When I was a young soldier, in the Reagan-Bush era, we used to shoot at Soviet soldier-shaped outlines at the range. Back then, it was an M-16 versus an AK-47 world, and our army still trained for WWII-style land battles in Europe. One of my roommates had been one of those guys meant to man-carry a tactical nuclear weapon into battle to keep Russian tanks from pouring through the Fulda Gap.
A lot changed. Our armed forces became lighter, faster, more mobile. The identity of our known and presumed enemies changed. We even held military exercises over the years with Russia. Reagan’s view of Russia changed over time too, of course, especially as it became less of a perceived threat and more a growing trading partner.
This week has felt like 1982 all over again. In fact, it may be worse, as weapons are deadlier, population density greater, infrastructure bigger, and the world more interconnected. Things are so bad, in terms of potential world-scale conflict, that Germany says it will spend four times last year’s defense budget on military investments this year, and the Swiss have chosen not to stick to neutrality in all things.
Maybe the surest indication we have leapt back in time is that many of the American veterans I know on social media, who became vaguely pro-Putin when they became pro-Trump, are incensed by the invasion of Ukraine and have returned to Reaganite frames of mind. I posted about the Snake Island takeover on a Facebook page for ex-military divers, which has UK and European group members, and they said the Russian warship “would make a good reef on the bottom.”
“Would be nice if there’s a US sub in the Black Sea to slam a MK 48 Torpedo into it,” one said.
Another: “Moskva Cruiser, sink the bast—-s.”
There were still divisive thoughts in some posts—“How do we know that Putin is not wagging the dog, and taking the focus off of the failed Cvd-19 narrative? We all know we cannot trust American media. No way man”—but, generally, few seem to have continued to follow Trump’s admiration for authoritarianism wherever it resides.
Few in that group and elsewhere jumped in to say they would fight in Ukraine, either. I was anticipating someone putting together a group to go (as US veterans went to Standing Rock in 2016), and I did finally see one such group start to organize on Facebook on Sunday morning, just as President Zelensky made a call for volunteers for an international legion to help defend Ukraine. The US publication Military Times even gave instructions for joining up.
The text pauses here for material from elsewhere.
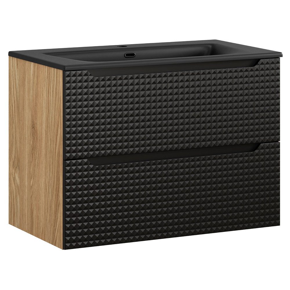 Erlebe unsere elegante Badmöbelserie, die durchdachtes Design und praktischen Komfort in deinem Badezimmer vereint. Die rustikale Eiche kombiniert mit den grifflosen, dunklen Fronten der Schränke schafft einen ansprechenden Kontrast. Всі Elemente sind mit Softclose-Türen und -Schubladen ausgestattet, die für eine leise und sanfte Handhabung sorgen.

But there are difficulties, ranging from questions of whether the US allows its citizens to fight for foreign armies, to whether life insurance policies would pay out if volunteers were killed in crisis zones, or how their bodies would be brought home to loved ones. Would-be volunteers were told to contact the Ukrainian embassy in DC to apply, but its website went down, and there seems to be something of a concerted effort that this not be made easy. The British Foreign Secretary said she was in favor of UK citizens being allowed to go fight; the Defence Secretary countered her.
And now that the Russians are invading a country with aspirations to being in NATO, most of the Cold War vets on social media—even many of those who wanted to be seen as hard men, ready for American civil war—seem to feel their time has passed anyway.
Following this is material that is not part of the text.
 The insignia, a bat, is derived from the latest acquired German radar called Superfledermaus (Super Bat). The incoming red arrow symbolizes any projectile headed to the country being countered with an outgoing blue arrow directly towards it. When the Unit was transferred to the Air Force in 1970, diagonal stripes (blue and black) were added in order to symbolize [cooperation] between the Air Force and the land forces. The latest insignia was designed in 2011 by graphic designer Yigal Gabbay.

“You’ve got plenty of years left in you for adventures!” one veteran told a younger group member. “My last stand will [be] here on overwatch for my family if Putin goes really nuts and starts hitting buttons. But I’m moving a lot slower than you. Kick some butt and save some of those poor people Brother! Until Valhalla!”
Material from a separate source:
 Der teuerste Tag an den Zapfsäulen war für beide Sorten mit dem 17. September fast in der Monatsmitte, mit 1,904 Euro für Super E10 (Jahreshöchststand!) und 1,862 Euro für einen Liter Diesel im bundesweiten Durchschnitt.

If the thought of Cold War US military veterans fighting Russians in the streets of Kyiv makes you sweat a little, as it does me, then consider that a few hours ago Roger Zakheim, the director of the Ronald Reagan Presidential Foundation and Institute, and former general counsel for the House Armed Services Committee, told the Senate Armed Services Committee that we should consider “the possibilities of having American intelligence provide more direct assistance to the Ukrainian military, including potentially on the ground operatives.” These would probably be Special Forces troops or their CIA equivalents, to perhaps advise or provide intelligence, but also to “sabotage the roads,” according to the Times. Several senators were interested.
Individual countries in NATO providing assistance (money, arms, materiel) to the Ukrainians walks a fine line, as Putin threatens and watches closely for interference, but there is much being given and certainly more to come.
The Fulda Gap was thought to have lost its significance (see here for a possible replacement) after the Soviet Union broke up, but then many of us had also grown accustomed to not seeing “a conventional move like this, nation-state to nation-state,” as a US senior defense official told CNN Thursday, and “certainly nothing on this size and scope and scale.” It is, in fact, “the largest conventional military attack that’s been seen since World War II,” the official said. And a return to old fears.